(Records drawn from a dataset)
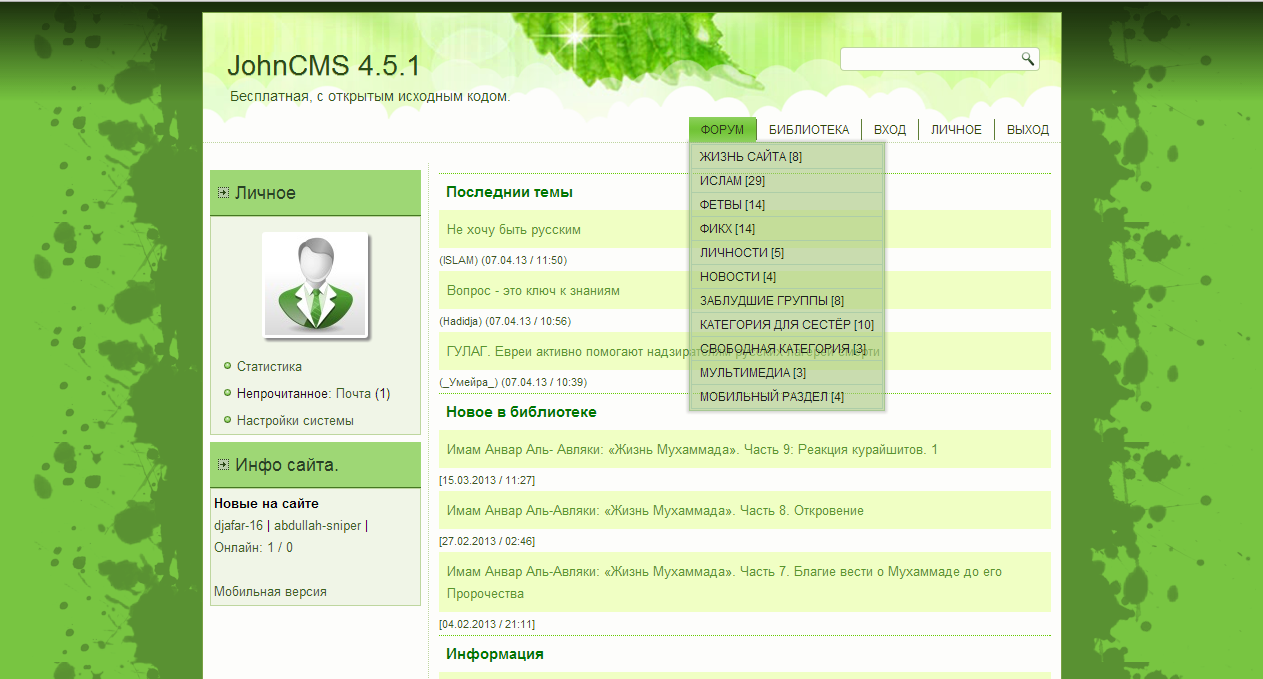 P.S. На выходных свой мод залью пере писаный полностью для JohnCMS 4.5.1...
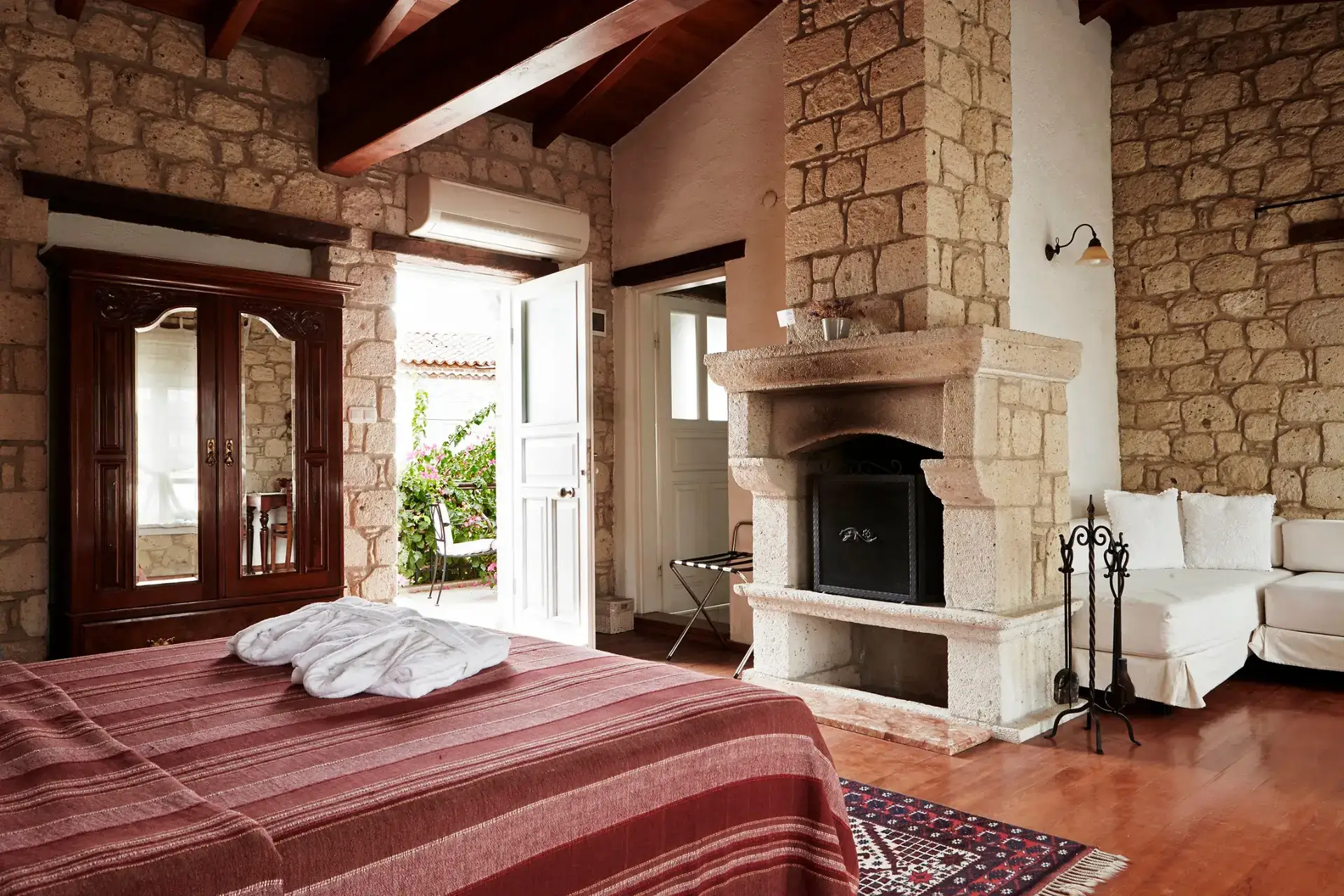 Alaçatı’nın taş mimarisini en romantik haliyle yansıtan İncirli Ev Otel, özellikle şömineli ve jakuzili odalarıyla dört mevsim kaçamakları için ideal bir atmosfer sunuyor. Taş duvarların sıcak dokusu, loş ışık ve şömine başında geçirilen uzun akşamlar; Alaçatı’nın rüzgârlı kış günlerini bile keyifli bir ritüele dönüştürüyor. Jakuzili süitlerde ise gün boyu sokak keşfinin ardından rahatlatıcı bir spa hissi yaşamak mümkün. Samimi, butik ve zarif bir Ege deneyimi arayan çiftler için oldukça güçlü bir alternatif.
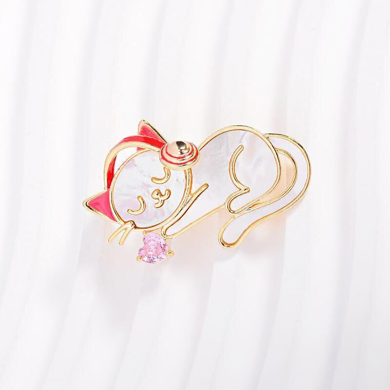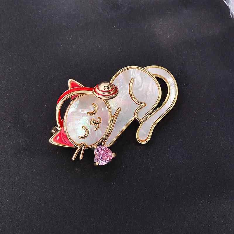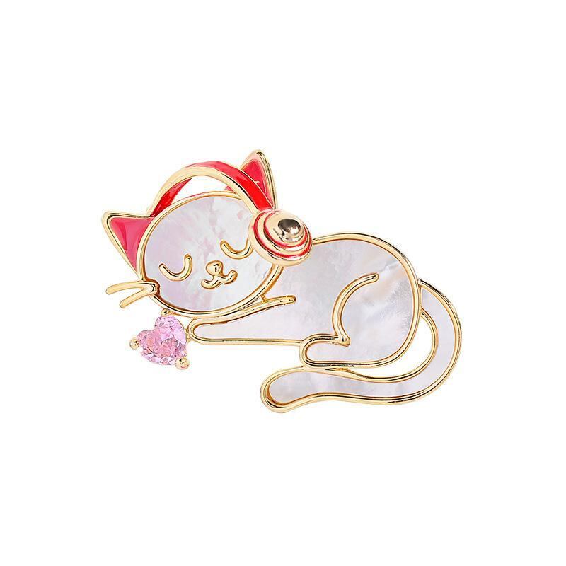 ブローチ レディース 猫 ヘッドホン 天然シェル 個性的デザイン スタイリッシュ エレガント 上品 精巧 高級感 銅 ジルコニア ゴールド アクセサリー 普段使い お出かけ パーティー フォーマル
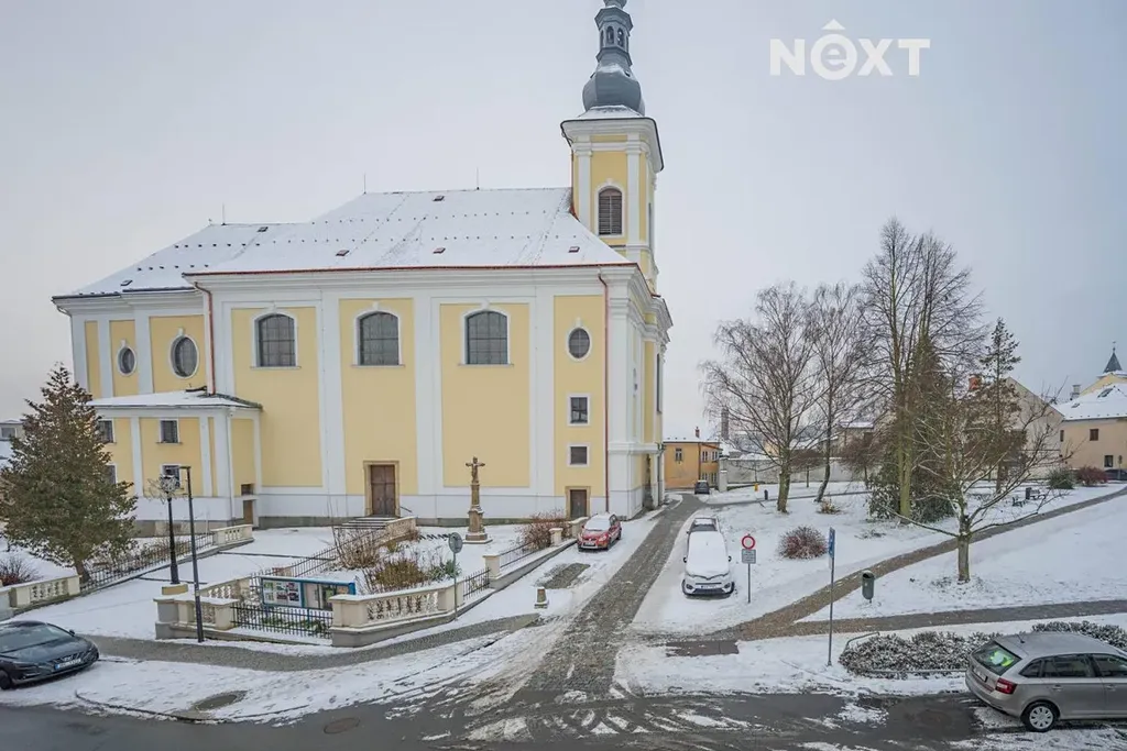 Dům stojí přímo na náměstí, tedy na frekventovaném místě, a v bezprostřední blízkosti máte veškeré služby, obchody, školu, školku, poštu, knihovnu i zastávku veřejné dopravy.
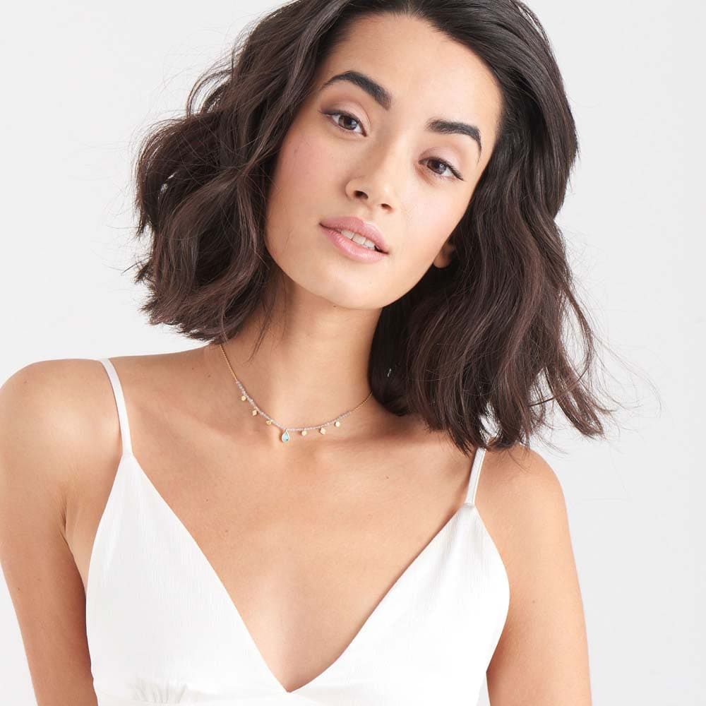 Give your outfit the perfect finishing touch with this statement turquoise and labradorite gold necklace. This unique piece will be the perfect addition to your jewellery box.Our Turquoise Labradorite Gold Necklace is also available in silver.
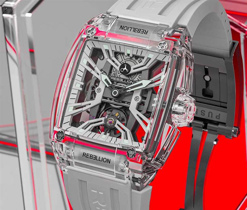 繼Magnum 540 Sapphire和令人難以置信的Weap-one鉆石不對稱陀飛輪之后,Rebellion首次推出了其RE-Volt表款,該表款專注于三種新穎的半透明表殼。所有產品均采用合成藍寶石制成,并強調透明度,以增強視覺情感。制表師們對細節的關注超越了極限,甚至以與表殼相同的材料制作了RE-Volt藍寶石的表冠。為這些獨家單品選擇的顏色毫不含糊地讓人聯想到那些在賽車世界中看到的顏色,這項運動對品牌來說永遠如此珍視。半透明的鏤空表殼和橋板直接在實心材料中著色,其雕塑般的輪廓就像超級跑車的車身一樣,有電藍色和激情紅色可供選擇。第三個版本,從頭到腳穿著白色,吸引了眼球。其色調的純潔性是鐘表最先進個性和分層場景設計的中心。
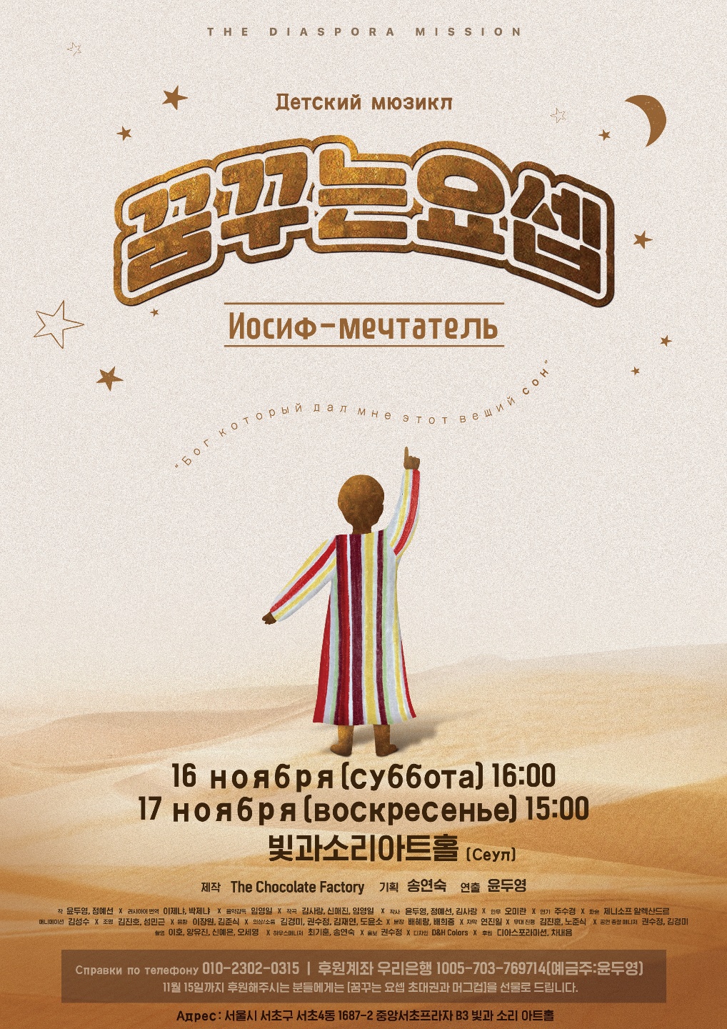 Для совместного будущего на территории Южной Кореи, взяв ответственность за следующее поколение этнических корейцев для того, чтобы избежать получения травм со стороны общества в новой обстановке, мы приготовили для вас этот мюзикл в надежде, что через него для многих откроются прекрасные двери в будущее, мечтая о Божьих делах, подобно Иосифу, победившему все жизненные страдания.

What you are asked to do ::
All records, pictures excluded: copy them exactly.

Written answer ::
 P.S. На выходных свой мод залью пере писаный полностью для JohnCMS 4.5.1...
 Alaçatı’nın taş mimarisini en romantik haliyle yansıtan İncirli Ev Otel, özellikle şömineli ve jakuzili odalarıyla dört mevsim kaçamakları için ideal bir atmosfer sunuyor. Taş duvarların sıcak dokusu, loş ışık ve şömine başında geçirilen uzun akşamlar; Alaçatı’nın rüzgârlı kış günlerini bile keyifli bir ritüele dönüştürüyor. Jakuzili süitlerde ise gün boyu sokak keşfinin ardından rahatlatıcı bir spa hissi yaşamak mümkün. Samimi, butik ve zarif bir Ege deneyimi arayan çiftler için oldukça güçlü bir alternatif.
 ブローチ レディース 猫 ヘッドホン 天然シェル 個性的デザイン スタイリッシュ エレガント 上品 精巧 高級感 銅 ジルコニア ゴールド アクセサリー 普段使い お出かけ パーティー フォーマル
 Dům stojí přímo na náměstí, tedy na frekventovaném místě, a v bezprostřední blízkosti máte veškeré služby, obchody, školu, školku, poštu, knihovnu i zastávku veřejné dopravy.
 Give your outfit the perfect finishing touch with this statement turquoise and labradorite gold necklace. This unique piece will be the perfect addition to your jewellery box.Our Turquoise Labradorite Gold Necklace is also available in silver.
 繼Magnum 540 Sapphire和令人難以置信的Weap-one鉆石不對稱陀飛輪之后,Rebellion首次推出了其RE-Volt表款,該表款專注于三種新穎的半透明表殼。所有產品均采用合成藍寶石制成,并強調透明度,以增強視覺情感。制表師們對細節的關注超越了極限,甚至以與表殼相同的材料制作了RE-Volt藍寶石的表冠。為這些獨家單品選擇的顏色毫不含糊地讓人聯想到那些在賽車世界中看到的顏色,這項運動對品牌來說永遠如此珍視。半透明的鏤空表殼和橋板直接在實心材料中著色,其雕塑般的輪廓就像超級跑車的車身一樣,有電藍色和激情紅色可供選擇。第三個版本,從頭到腳穿著白色,吸引了眼球。其色調的純潔性是鐘表最先進個性和分層場景設計的中心。
 Для совместного будущего на территории Южной Кореи, взяв ответственность за следующее поколение этнических корейцев для того, чтобы избежать получения травм со стороны общества в новой обстановке, мы приготовили для вас этот мюзикл в надежде, что через него для многих откроются прекрасные двери в будущее, мечтая о Божьих делах, подобно Иосифу, победившему все жизненные страдания.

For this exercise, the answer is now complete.